▶ Task statement
In the records below, repeat word for word only the lines starting at the one that contains "Als erstes ein" and ending at the one that contains "และห้ามคนเด็ดขาด ปลาจะเละ และติดกระทะได้", pictures excluded.

▶ Task inputs
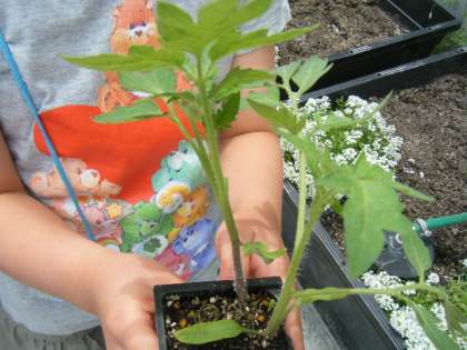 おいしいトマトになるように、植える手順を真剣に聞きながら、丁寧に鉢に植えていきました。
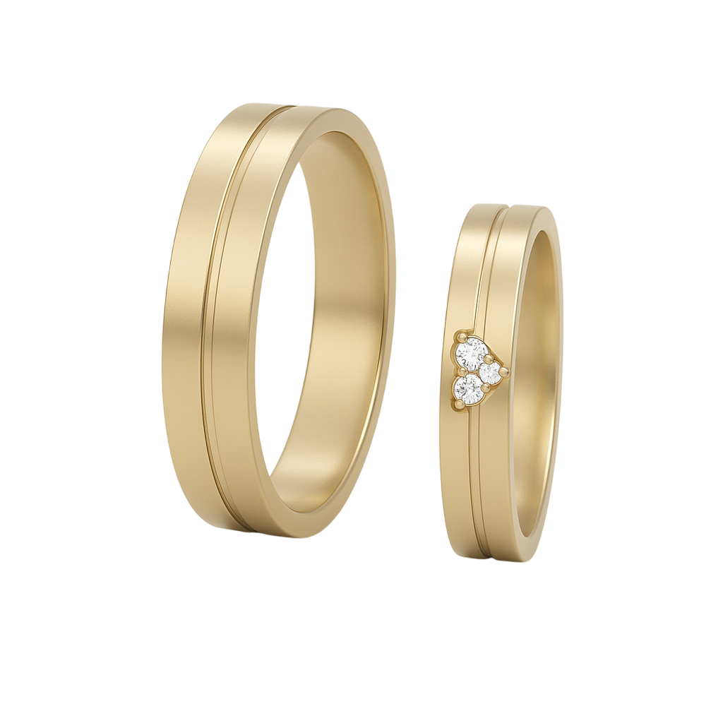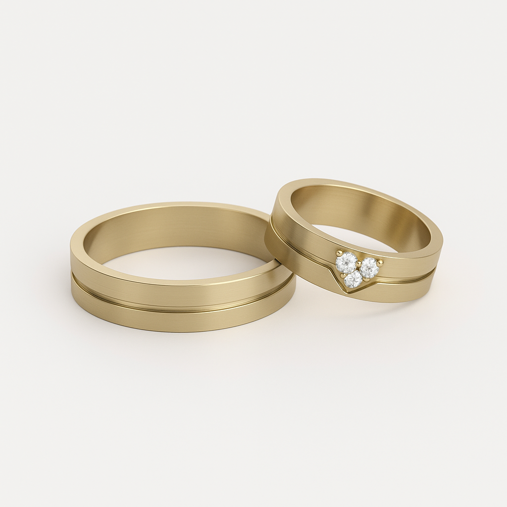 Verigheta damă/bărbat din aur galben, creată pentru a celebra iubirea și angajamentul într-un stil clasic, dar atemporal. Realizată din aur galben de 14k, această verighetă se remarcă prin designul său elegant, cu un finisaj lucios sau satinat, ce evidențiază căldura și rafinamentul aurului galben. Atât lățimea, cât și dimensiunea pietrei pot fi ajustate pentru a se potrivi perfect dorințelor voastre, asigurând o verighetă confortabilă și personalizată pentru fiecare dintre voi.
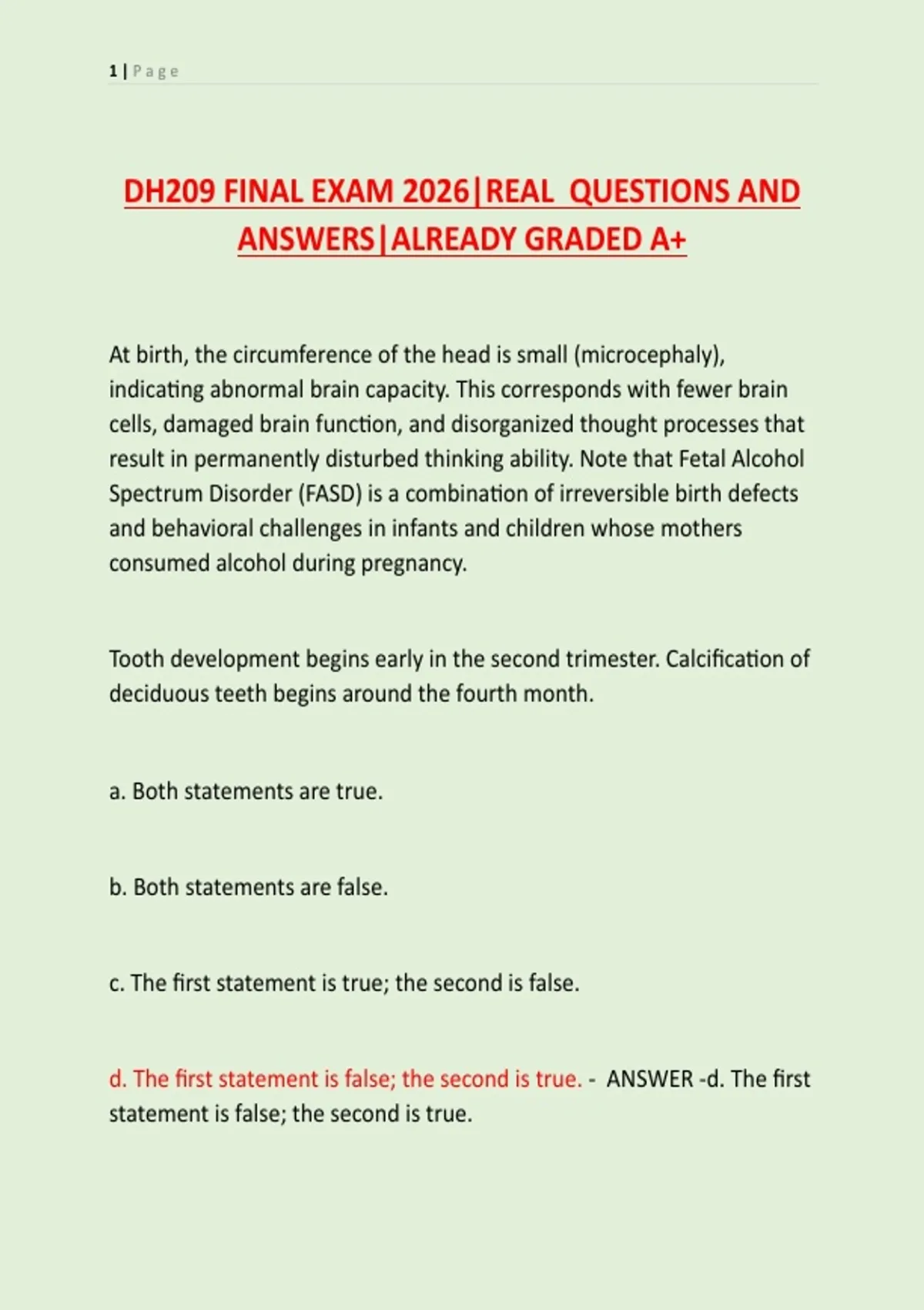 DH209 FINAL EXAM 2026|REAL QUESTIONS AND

---

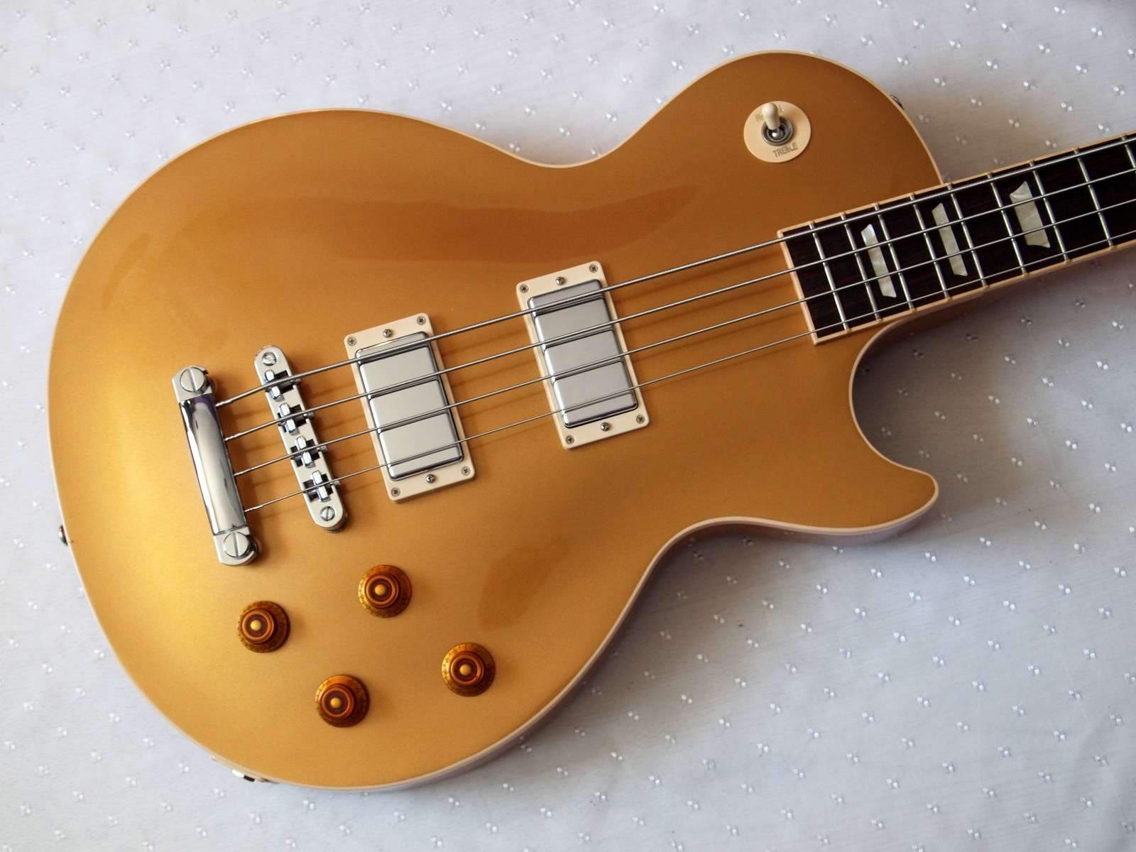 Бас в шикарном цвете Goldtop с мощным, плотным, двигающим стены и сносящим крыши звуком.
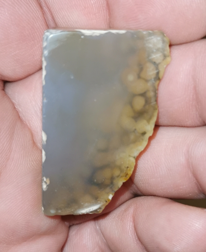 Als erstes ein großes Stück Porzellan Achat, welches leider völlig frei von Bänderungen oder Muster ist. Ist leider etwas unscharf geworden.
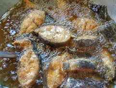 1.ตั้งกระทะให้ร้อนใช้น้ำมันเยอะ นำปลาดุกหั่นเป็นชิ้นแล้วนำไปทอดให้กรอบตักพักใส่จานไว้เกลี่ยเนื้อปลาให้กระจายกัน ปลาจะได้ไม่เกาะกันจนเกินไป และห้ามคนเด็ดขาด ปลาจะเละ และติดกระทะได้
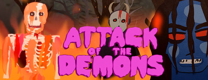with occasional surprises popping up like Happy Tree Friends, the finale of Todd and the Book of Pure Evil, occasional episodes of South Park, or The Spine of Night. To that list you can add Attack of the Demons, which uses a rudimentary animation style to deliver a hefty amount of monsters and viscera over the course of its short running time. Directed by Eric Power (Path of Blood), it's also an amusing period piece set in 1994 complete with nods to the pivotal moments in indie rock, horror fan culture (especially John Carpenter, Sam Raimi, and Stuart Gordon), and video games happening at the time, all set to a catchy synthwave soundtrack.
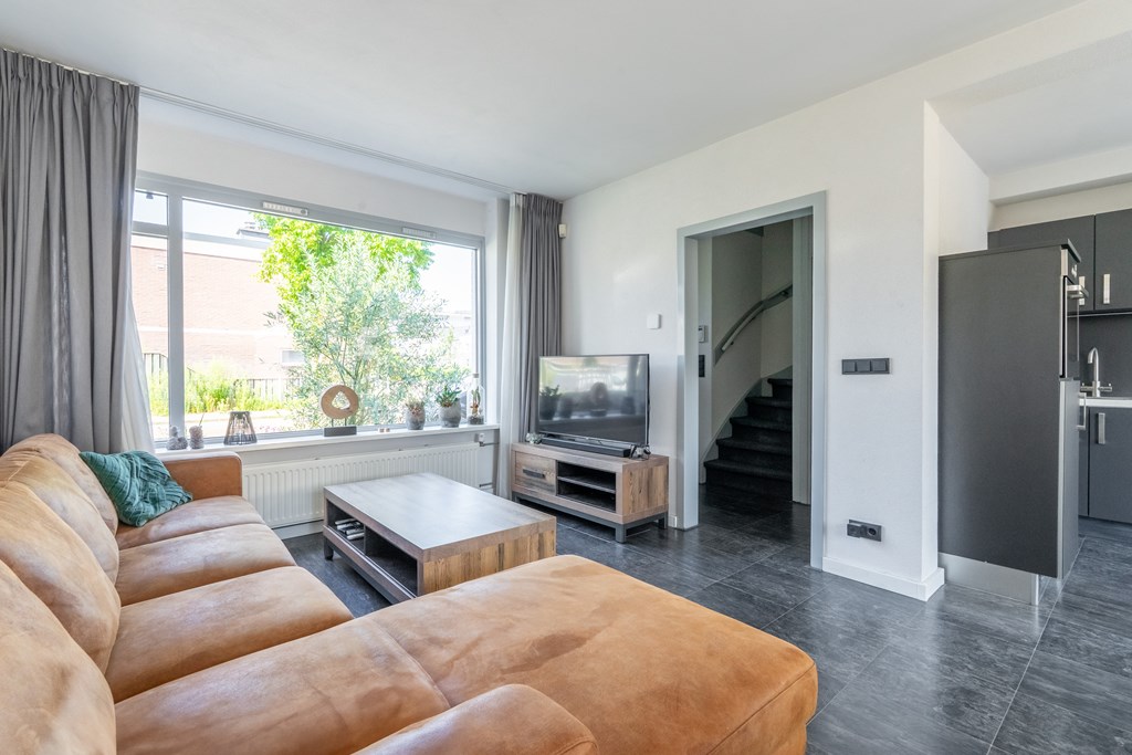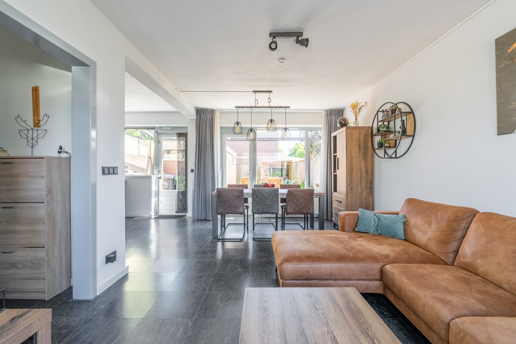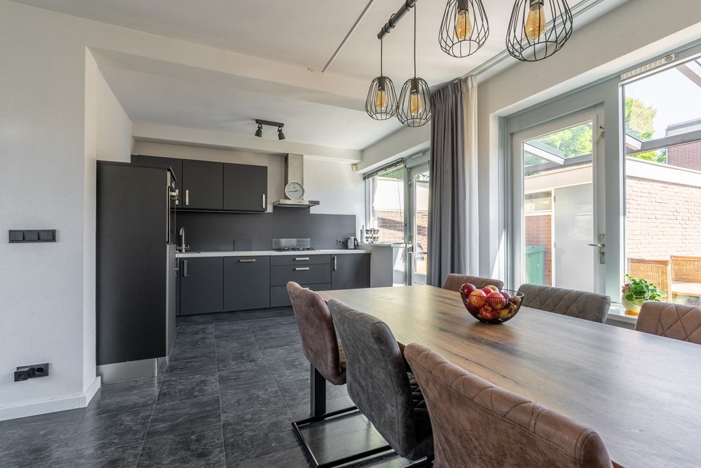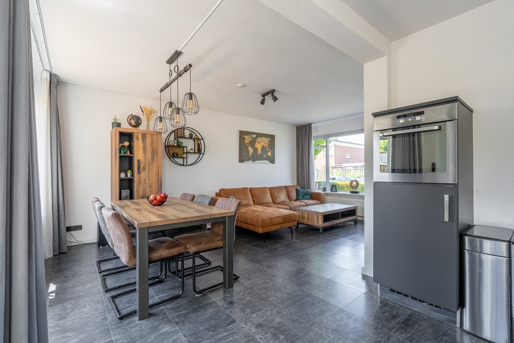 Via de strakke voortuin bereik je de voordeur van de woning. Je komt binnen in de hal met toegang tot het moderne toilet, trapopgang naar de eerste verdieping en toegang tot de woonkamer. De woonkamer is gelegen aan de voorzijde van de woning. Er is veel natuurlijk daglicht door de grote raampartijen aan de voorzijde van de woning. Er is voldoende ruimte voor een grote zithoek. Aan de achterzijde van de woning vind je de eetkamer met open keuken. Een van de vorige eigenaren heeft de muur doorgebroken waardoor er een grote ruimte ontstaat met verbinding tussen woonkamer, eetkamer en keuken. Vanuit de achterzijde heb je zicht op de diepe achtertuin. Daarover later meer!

▶ Task output
 Als erstes ein großes Stück Porzellan Achat, welches leider völlig frei von Bänderungen oder Muster ist. Ist leider etwas unscharf geworden.
 1.ตั้งกระทะให้ร้อนใช้น้ำมันเยอะ นำปลาดุกหั่นเป็นชิ้นแล้วนำไปทอดให้กรอบตักพักใส่จานไว้เกลี่ยเนื้อปลาให้กระจายกัน ปลาจะได้ไม่เกาะกันจนเกินไป และห้ามคนเด็ดขาด ปลาจะเละ และติดกระทะได้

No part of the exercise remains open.